X_pred = pd.DataFrame(np.arange(-10, 50, 0.1), columns=["z_acc"])
pred_prob = log_model.predict_proba(X_pred)
pred = log_model.predict(X_pred)

We visualize the decision boundary of the logistic regression model. While the model predicts a category based on `z_acc`, we will see that it cannot perfectly separate the two classes with this feature alone.

In [None]:
ax = sns.scatterplot(data=movement, x="z_acc", y="move_type")
ax.plot(np.arange(-10, 50, 0.1), pred, "g", label="Predicted class")
ax.legend();

## Logistic Regression with Two Features

With only one feature (`z_acc`), we saw that the logistic regression model couldn't perfectly separate the two exercise types. What if we include an additional feature?

We'll now use both `z_acc` and `y_acc` to fit a logistic regression model.
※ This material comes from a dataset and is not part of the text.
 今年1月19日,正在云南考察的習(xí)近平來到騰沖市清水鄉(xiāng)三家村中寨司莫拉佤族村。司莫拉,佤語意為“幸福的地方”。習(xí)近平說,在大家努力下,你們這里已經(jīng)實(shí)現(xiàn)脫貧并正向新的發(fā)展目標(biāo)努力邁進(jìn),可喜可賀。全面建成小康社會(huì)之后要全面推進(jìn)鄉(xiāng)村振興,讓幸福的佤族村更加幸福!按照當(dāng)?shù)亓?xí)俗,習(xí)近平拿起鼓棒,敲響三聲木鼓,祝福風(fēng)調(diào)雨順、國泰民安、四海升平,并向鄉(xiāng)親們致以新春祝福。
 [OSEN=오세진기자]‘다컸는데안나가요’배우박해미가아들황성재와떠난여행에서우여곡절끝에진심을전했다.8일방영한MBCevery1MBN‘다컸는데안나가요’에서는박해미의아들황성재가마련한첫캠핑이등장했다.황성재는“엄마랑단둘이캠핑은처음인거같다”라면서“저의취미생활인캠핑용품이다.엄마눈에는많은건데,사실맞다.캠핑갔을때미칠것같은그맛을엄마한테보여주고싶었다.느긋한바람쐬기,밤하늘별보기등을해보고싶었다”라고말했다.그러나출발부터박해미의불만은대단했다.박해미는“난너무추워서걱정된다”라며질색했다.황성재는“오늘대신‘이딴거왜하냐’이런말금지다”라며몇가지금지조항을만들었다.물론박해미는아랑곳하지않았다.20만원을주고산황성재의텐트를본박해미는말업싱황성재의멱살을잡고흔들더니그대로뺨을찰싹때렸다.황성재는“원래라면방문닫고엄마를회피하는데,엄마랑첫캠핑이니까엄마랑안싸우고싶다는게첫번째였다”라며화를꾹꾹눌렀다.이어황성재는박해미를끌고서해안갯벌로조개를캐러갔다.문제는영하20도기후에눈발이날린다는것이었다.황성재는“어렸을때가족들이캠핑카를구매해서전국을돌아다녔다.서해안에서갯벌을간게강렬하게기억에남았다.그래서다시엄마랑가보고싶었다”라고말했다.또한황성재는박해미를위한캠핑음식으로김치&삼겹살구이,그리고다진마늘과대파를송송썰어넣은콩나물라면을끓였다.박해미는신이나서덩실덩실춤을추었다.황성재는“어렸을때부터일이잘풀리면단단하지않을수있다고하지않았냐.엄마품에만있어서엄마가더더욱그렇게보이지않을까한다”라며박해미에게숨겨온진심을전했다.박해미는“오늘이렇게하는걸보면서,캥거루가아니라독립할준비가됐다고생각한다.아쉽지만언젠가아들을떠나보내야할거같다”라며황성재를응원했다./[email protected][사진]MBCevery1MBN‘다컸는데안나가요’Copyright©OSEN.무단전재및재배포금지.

To visualize the data in this higher-dimensional feature space, we'll plot it in 3D.


In [None]:
fig = plt.figure(figsize=(10, 5))
ax1 = fig.add_subplot(1, 2, 1, projection="3d")
ax2 = fig.add_subplot(1, 2, 2, projection="3d")

axes = [ax1, ax2]
for ax in axes:
    scatter = ax.scatter(
        movement["z_acc"].values,
        movement["y_acc"].values,
        movement["move_type"].values,
        c=movement["move_type"].values,
        cmap="Set1",
    )
    ax.set_xlabel("z_acc", fontsize=12)
    ax.set_ylabel("y_acc", fontsize=12)
    ax.set_zlabel("move_type", fontsize=12)

# 3D View (angled and top-down)
ax1.view_init(elev=30.0, azim=20)
ax2.view_init(elev=90.0, azim=-90)
ax2.set_proj_type("ortho")

fig.tight_layout()
plt.show()

These 3D plots show how adding `y_acc` as a second feature helps distinguish the two classes more effectively. While neither feature alone provides a clear separation, their combination makes a linear decision boundary more feasible.
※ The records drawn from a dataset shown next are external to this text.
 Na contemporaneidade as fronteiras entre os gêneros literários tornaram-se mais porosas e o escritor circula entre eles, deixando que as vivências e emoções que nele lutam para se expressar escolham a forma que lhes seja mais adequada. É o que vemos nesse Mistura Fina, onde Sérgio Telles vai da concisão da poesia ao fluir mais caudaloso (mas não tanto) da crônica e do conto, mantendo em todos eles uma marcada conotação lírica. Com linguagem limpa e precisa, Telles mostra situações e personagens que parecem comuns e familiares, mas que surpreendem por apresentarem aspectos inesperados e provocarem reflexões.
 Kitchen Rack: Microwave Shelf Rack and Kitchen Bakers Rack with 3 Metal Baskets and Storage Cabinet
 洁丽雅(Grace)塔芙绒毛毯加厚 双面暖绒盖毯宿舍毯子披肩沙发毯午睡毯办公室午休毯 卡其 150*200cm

Let’s now fit a logistic regression model using both features.

In [None]:
X = movement[["z_acc", "y_acc"]]
y = movement["move_type"]

log_model = linear_model.LogisticRegression()
log_model.fit(X=X, y=y)

## Visualizing the Sigmoid Decision Surface

When using two features, the logistic regression model defines a **sigmoid-shaped surface** in 3D space. The decision boundary (i.e., where predicted probability is 0.5) becomes a **plane**.

Let’s plot this surface and highlight the region where the model is uncertain (around $p=0.5$).


In [None]:
# Create grid of points spanning the input space
X_1_grid, X_2_grid = np.meshgrid(
    np.linspace(movement["z_acc"].min(), movement["z_acc"].max(), 1000),
    np.linspace(movement["y_acc"].min(), movement["y_acc"].max(), 1000),
)

# Note the correct column order: ['z_acc', 'y_acc']
grid_df = pd.DataFrame(np.c_[X_1_grid.ravel(), X_2_grid.ravel()], columns=["z_acc", "y_acc"])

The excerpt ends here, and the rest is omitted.